Prendete un cantante bolognese di origini olandesi; un bassista inglese; un chitarrista ex ‘bambino prodigio’ (o meglio, piccolo fenomeno televisivo nei Latte Rock che imperversavano ai tempi della Domenica targata Mara Venier); aggiungete un percussionista a completare il lotto.
Gli Hangovers ormai da qualche anno percorrono in lungo e in largo lo Stivale e trovano finalmente tempo, modo ed occasione di mettere insieme il proprio esordio discografico.

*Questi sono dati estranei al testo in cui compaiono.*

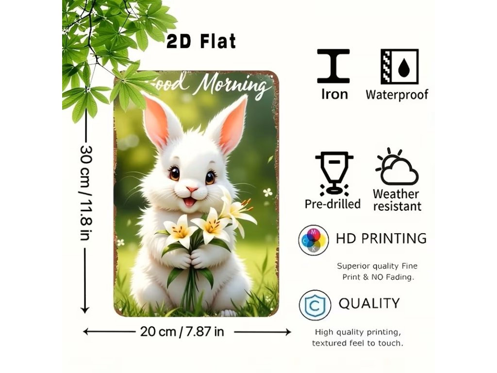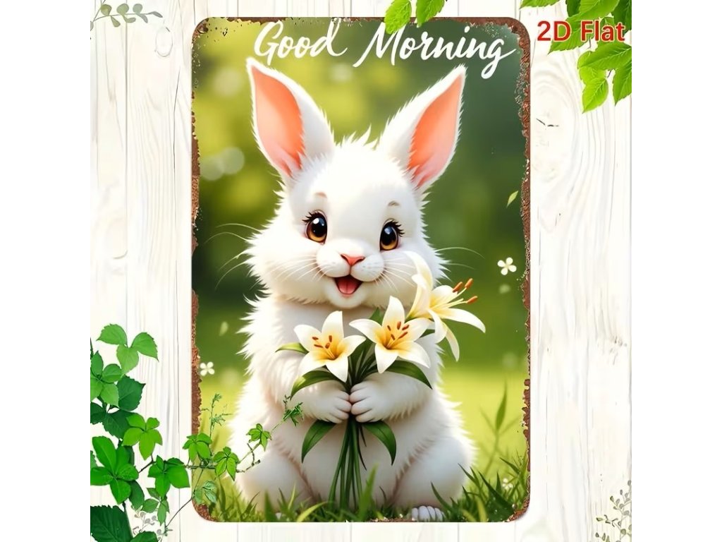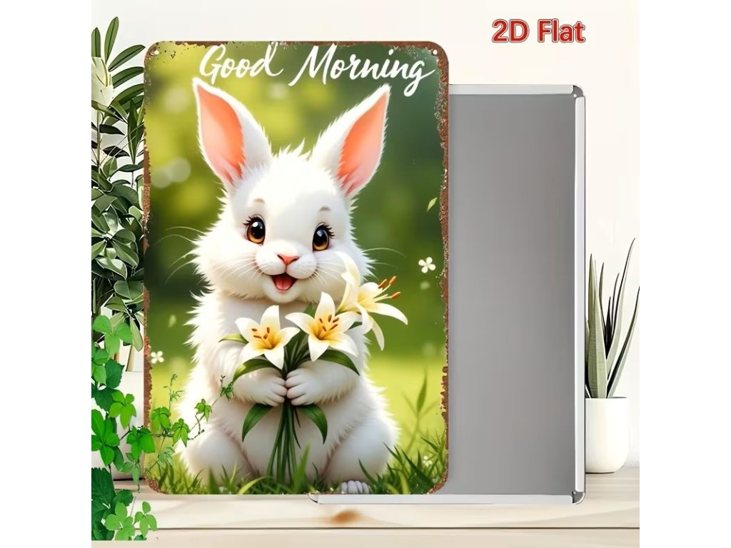 2D plechová cedule Dobré ráno s králíčkem 20 x 30 cm
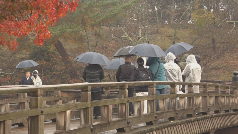 唐美雲說出外景最怕的就是天候無法掌控,果然就碰上在奈良公園勘景完一開拍就下大雨
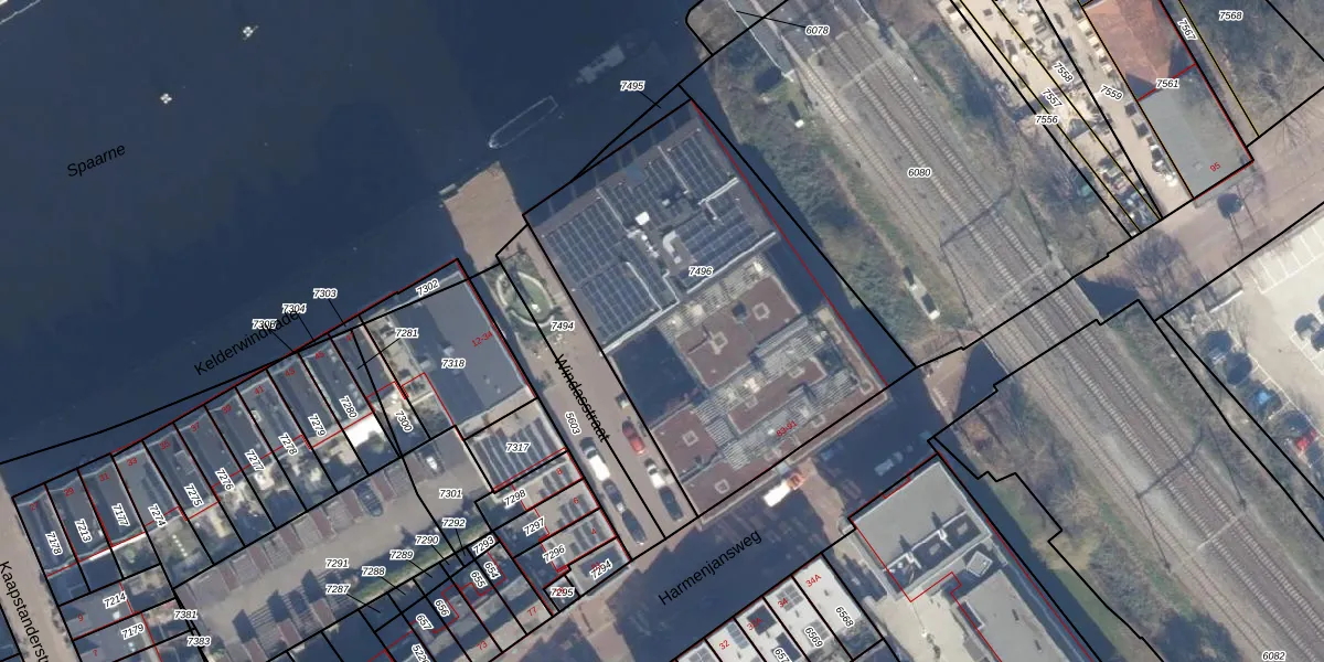 Het perceel waarop het adres ligt is HLM01-E-7496. De afkorting 'HLM01' staat voor kadastrale gemeente Haarlem. De oppervlakte van het perceel is 1843 m². Dat is groter dan gemiddeld in Haarlem, waar de gemiddelde perceeloppervlakte op 328,17 m² ligt. Het grootste perceel in de kadastrale gemeente is 13,9 ha. Het kleinste perceel heeft een oppervlakte van 0 m². Er zijn 56 adressen aanwezig op het perceel. De laatste wijziging in het de Basisregistratie Kadaster (BRK) was op 23-11-2020.
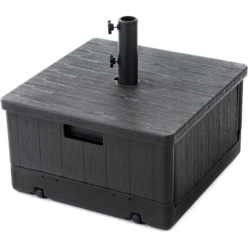 4-in-1 Square 21" Planter Umbrella Base: Wheels, Water Weight, Table & Planting Box
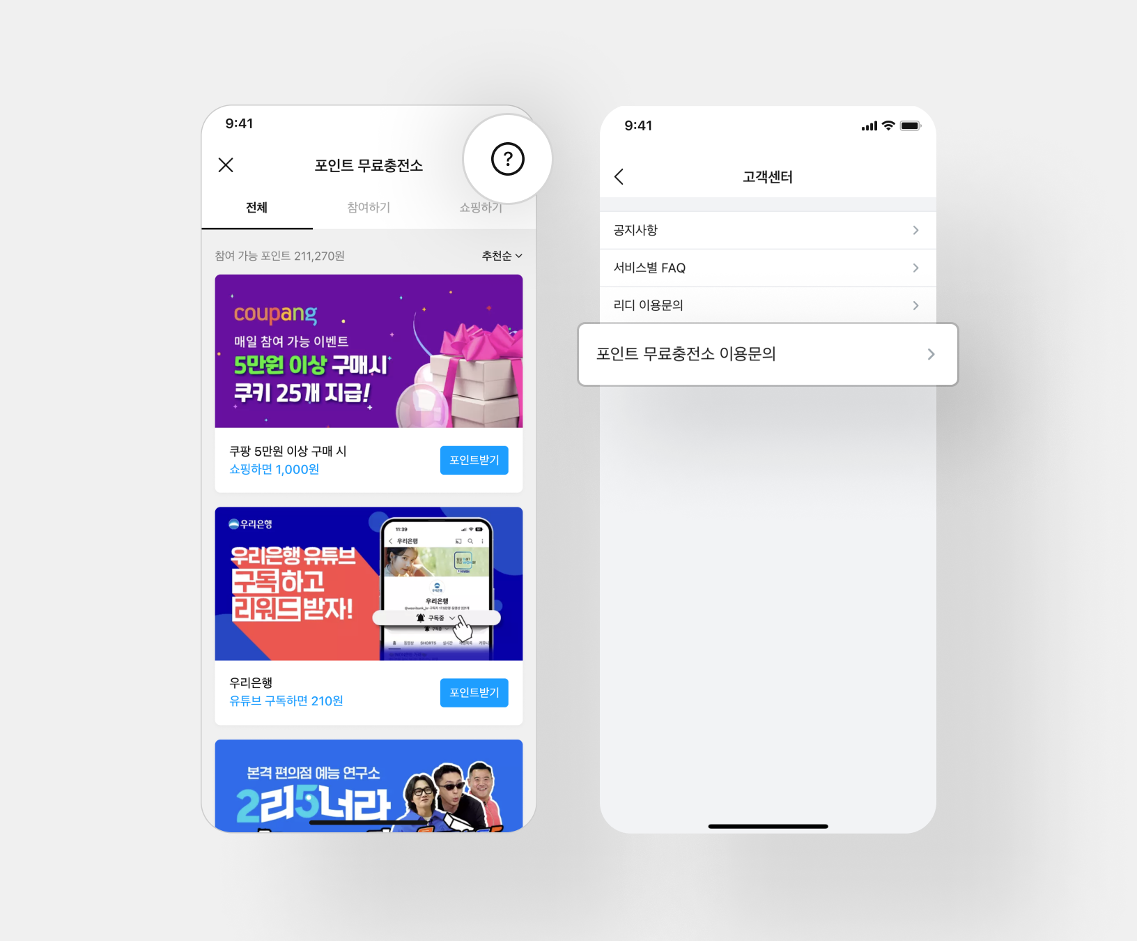 • [MY > 고객센터 > 포인트 무료충전소 이용문의]에서도 문의하실 수 있습니다
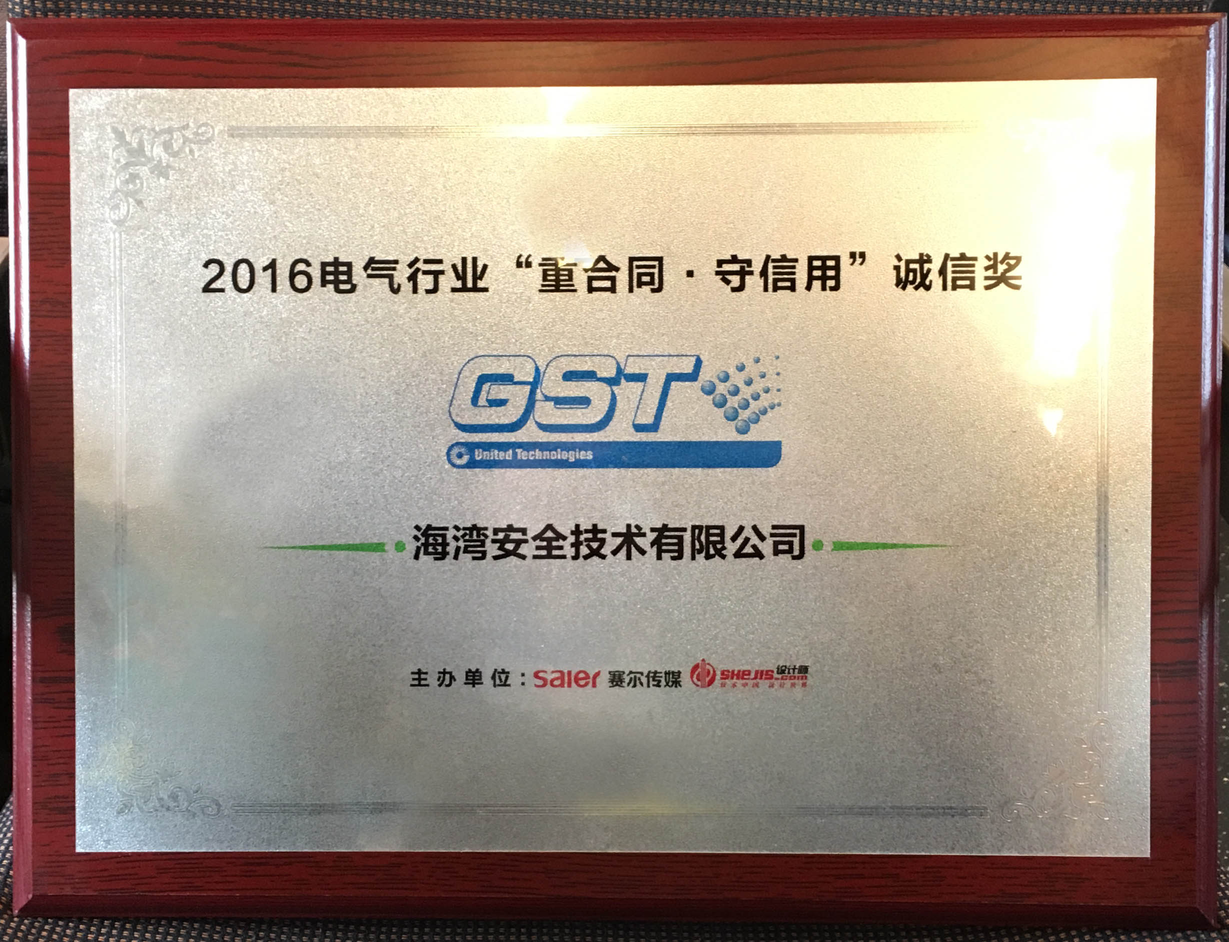 海灣消防榮獲2016電氣行業(yè)“重合同·守信用”誠信獎

Un lavoro in due tempi, idealmente divisi come le due facce di un vinile: in italiano la prima, in inglese la seconda, a ricalcare la diversa estrazione dei componenti del gruppo; duplice la matrice linguistica, univoca quella sonora: gli Hangovers si pongono in quel mondo ideale che già qualcuno collocò “tra la via Emilia e il West”; è un disco ‘viaggiante’, quello degli Hangovers, e forse non potrebbe essere altrimenti nel caso di una band entrata in studio di registrazione dopo anni passati ‘on the road’.
“Different plots”è un lavoro i cui brani potrebbero spuntare improvvisamente nella playlist ascoltata percorrendo la pianura padana (ma volendo, anche il pontino o il tavoliere delle Puglie), tra un pezzo dei Negrita e uno dei Lynyrd Skynyrd, Credence Clairwater Revival e REM prima maniera.

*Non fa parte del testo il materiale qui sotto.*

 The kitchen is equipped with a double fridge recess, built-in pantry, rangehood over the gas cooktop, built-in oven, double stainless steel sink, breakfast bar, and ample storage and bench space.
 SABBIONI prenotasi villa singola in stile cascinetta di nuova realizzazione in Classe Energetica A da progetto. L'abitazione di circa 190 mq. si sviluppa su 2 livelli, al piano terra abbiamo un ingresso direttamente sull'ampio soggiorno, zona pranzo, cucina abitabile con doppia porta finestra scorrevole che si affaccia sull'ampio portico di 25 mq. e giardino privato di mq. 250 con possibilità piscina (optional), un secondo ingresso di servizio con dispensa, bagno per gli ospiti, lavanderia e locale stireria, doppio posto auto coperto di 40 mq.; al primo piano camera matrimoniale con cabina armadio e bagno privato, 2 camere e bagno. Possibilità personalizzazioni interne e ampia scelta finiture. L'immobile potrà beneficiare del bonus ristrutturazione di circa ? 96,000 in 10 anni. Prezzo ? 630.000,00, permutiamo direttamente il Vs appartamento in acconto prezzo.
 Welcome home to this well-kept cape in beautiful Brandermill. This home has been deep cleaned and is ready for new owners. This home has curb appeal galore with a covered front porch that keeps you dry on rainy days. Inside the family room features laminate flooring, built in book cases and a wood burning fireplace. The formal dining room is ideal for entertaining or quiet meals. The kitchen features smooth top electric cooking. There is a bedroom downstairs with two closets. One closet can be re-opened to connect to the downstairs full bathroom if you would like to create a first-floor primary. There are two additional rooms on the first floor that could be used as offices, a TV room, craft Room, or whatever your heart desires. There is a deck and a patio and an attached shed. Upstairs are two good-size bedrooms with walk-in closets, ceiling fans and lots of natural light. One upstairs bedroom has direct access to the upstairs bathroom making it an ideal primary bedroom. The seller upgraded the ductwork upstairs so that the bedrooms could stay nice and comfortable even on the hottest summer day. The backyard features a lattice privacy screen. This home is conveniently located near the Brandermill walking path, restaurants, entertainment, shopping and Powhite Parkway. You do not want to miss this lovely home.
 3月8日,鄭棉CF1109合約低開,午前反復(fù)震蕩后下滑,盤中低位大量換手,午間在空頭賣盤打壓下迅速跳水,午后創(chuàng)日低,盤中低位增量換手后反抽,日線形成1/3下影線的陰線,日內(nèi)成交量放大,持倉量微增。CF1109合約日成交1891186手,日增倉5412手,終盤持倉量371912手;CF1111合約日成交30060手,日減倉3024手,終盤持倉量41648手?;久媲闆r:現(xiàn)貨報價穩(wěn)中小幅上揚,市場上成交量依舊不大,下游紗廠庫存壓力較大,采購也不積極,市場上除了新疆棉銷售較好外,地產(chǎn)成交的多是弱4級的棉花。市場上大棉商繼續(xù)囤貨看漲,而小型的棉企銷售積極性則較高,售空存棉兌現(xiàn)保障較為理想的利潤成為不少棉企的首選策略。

Un rock dalle tinte southern, con accenti folk e country, qualche suggestione caraibica e accenni indie, forse più efficace nella sua matrice americana, laddove mostra di aver discretamente appreso la lezione dei ‘classici’, riproponendola in maniera che, se non troppo originale, risulta almeno gradevole nella forma; forse meno convincenti gli esiti in italiano, in cui la formula un po’ troppo orientata a quel tipico ‘rock italiano’ in cui la componente di ‘pop tricolore’ finisce spesso e volentieri per essere un deterrente…

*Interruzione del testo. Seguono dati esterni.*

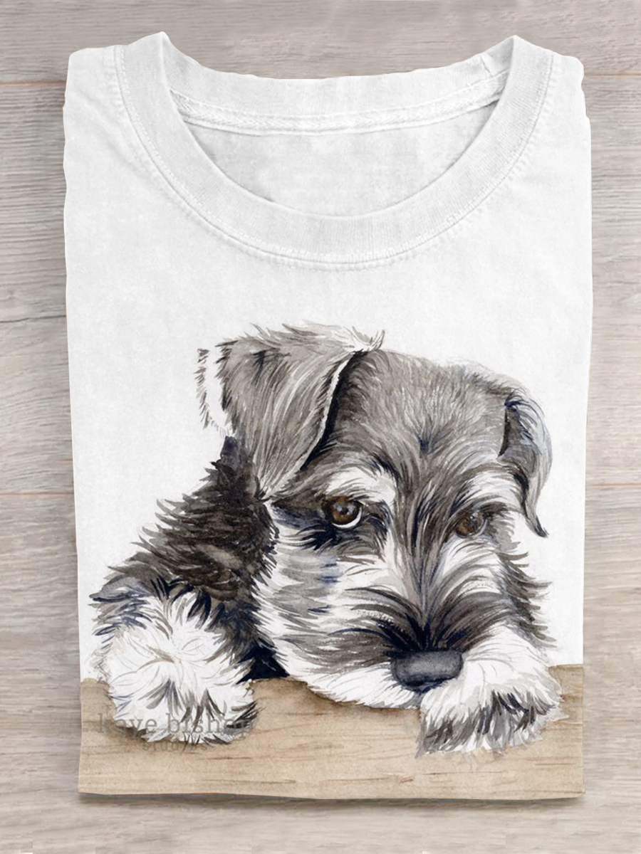 Dog Art Print Round Neck Short Sleeve T-Shirt

“Different plots” mostra tutti i pregi di un lavoro frutto di una band già ben rodata e matura – non da sottovalutare in un momento in cui domina il tutto e subito e spesso una band sforna il primo disco cinque minuti dopo essersi formata – pur scontando i limiti di quello che comunque resta un esordio, con le incertezze tipiche del genere.
La formula bilingue appare un elemento singolare, anche se forse tradisce ancora un po’ di indecisione sul piano stilistico.